🤖 AI Summary
To address the challenge of modeling complex set-theoretic relationships (e.g., “comedy AND action BUT NOT romance”) in sparse-data personalized recommendation, this paper proposes BoxRec—the first recommendation framework leveraging learnable hyper-rectangular (box) embeddings. Unlike conventional vector representations, BoxRec explicitly encodes user and item semantics as geometric boxes, formulating recommendation as a set-constrained matrix completion problem involving intersection, complement, and other set operations. It enables end-to-end training via interval arithmetic and Jaccard similarity optimization, replacing black-box neural inference with transparent, purely geometric operations—thereby ensuring semantic interpretability and structural fidelity. Experiments demonstrate that BoxRec significantly outperforms vector-based baselines across diverse recommendation tasks, achieving up to 30% improvement in accuracy for complex logical queries.
📝 Abstract
Personalized item recommendation typically suffers from data sparsity, which is most often addressed by learning vector representations of users and items via low-rank matrix factorization.

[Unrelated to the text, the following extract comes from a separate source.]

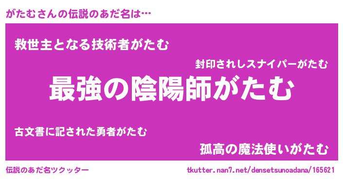 | ヒーロー風カッコイイあだ名 | 『仮面ガタダー』『最強戦士ガタム』 |

While this effectively densifies the matrix by assuming users and movies can be represented by linearly dependent latent features, it does not capture more complicated interactions. For example, vector representations struggle with set-theoretic relationships, such as negation and intersection, e.g. recommending a movie that is"comedy and action, but not romance". In this work, we formulate the problem of personalized item recommendation as matrix completion where rows are set-theoretically dependent. To capture this set-theoretic dependence we represent each user and attribute by a hyper-rectangle or box (i.e. a Cartesian product of intervals). Box embeddings can intuitively be understood as trainable Venn diagrams, and thus not only inherently represent similarity (via the Jaccard index), but also naturally and faithfully support arbitrary set-theoretic relationships. Queries involving set-theoretic constraints can be efficiently computed directly on the embedding space by performing geometric operations on the representations. We empirically demonstrate the superiority of box embeddings over vector-based neural methods on both simple and complex item recommendation queries by up to 30 % overall.